Kazakhs have developed a number of techniques to preserve and prepare their main commodities, meat and milk. These methods are still in use today: salting, drying, smoking, pickling or even a combination of these. In the past, one rather piquant process of salting and tenderizing was to place a flat piece of meat under your saddle until it was “ridden to tenderness”, the horse’s sweat serving to salt the meat. Travellers may find comfort in the thought that this kind of preservation is no longer practised.

T he following glossary of food and drink should make it easier to read menus and Provide visitors to a dastarkhan with some background information. The most popular Kazakh dishes and a number of commonly eaten Korean, Uygur, Uzbek and Arabian dishes are included.

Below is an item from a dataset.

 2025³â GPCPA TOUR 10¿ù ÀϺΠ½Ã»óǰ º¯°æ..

Food and drink based on milk

Kumis/kumys: Mare's milk fermented in a smoke-cured leather bag - a surprisingly refreshing, thirst-quenching drink.

Ayran: Kefir or a type of salt lassi made from skimmed or full-fat cow’s, sheep’s, goat’s or mare’s milk.

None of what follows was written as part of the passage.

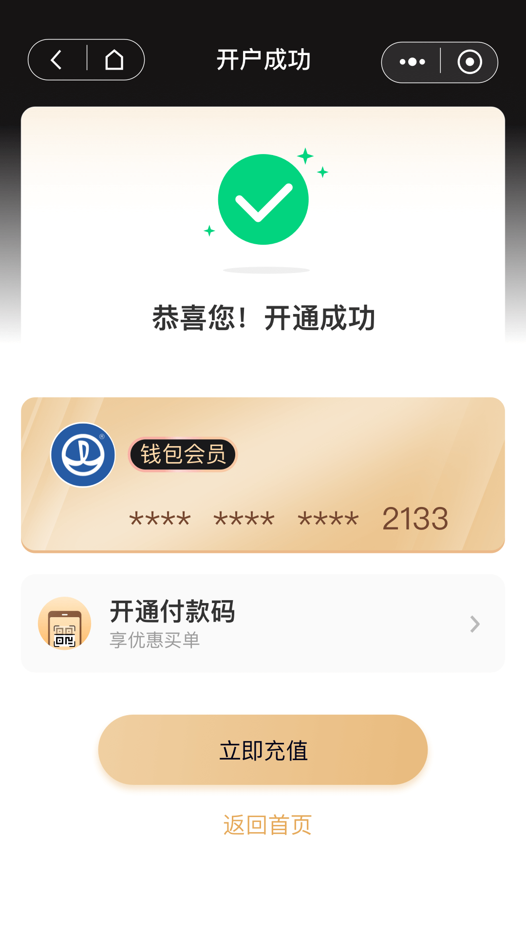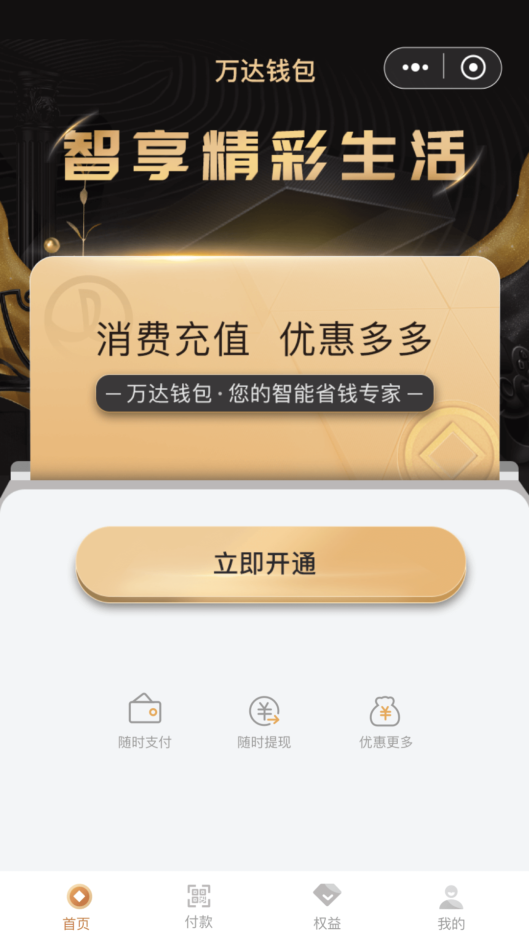支持用户在线开通钱包获取到钱包的消费权益服务,享受更多权益服务资源

Katyk: Sour milk heated in the oven.

Shubat: Camel's milk with a high fat content, fermented in a leather bag. Shubat is used to treat tuberculosis and intestinal pain.

Irkit: A well-shaken mix consisting of freshly boiled, cooled and soured milk. Koyirtpak: A cocktail, rich in calories, of fresh milk, ayran, katyk, kumis and shubat.

Ashygan Kozhe: Boiled and soured groats from wheat, millet or rice, mixed with wheat flour and usually with milk, ayran or sour cream.

Chay po-kazakhskiy: “Kazakh tea” - black tea prepared in a special way. Heated milk is poured into a kese (tea bowl) and tea is added to it. People take special care not to fill up the bowl to its edge to prevent guests from burning their fingers. It is served with dried fruits, sweets and baursaki.

Kurt: Small dried balls from soured cow, sheep or goat's milk.

Balkaymak: Honey cream, made from boiled cream, mixed with sugar, honey and flour and added to tea.

Irimshik: Dried raw milk quark (low-fat soft cheese).

Saryssu: Dried small flans made from boiled and cooled whey.

Suzbe: Strained and salted quark made from ayran.

Dishes from cereals

Zhent: Also called Kazakh chocolate. Millet and irimshik are mixed in a mortar with sugar, butter and raisins. The mixture is stiffened by cooling and cut into small slices.

Zhanyshpa: Soft dessert from ground millet, sugar, butter and sour cream.

Millet with kurt: Millet poured into pounded kurt, softened in hot water.

Talkan: Roasted millet, wheat and maize pounded in a mortar, with butter, sour cream, stock or raw eggs then added.

Sut Kozhe and Kurniyas: Millet soup with milk, sometimes thickened with flour.

Cold first courses

K azy: Usually lean horse rib, well seasoned, and dried in horse intestines, then hot-smoked and cooked. It is cut into slices and served on large plates as a starter. Shuzhuk: Like kazy, with the same ingredients, but with half fat and half lean horsemeat.

Zhaya: Salted, dried and subsequently smoked and cooked meat from a horse's hip, served in slices.

Zhal: The long strip of fat under a horse's mane is cut 0ff with a thin layer of flesh and prepared in the same way as zhaya.

Sur-Yet: Tender horsemeat with tendons and gristle removed is first salted and dried, and then served cooked.

Fish platter "Assorti": Noble fish (sturgeon, salmon, carp) served on a large platter with caviar and bread. Take care in restaurants, where this “assorti” can turn out to be particularly expensive.

Shalgam salad: Spicy salad from finely sliced radish and paprika.

Korean salad, carrots Korean-style: Spicy salad from finely sliced carrots.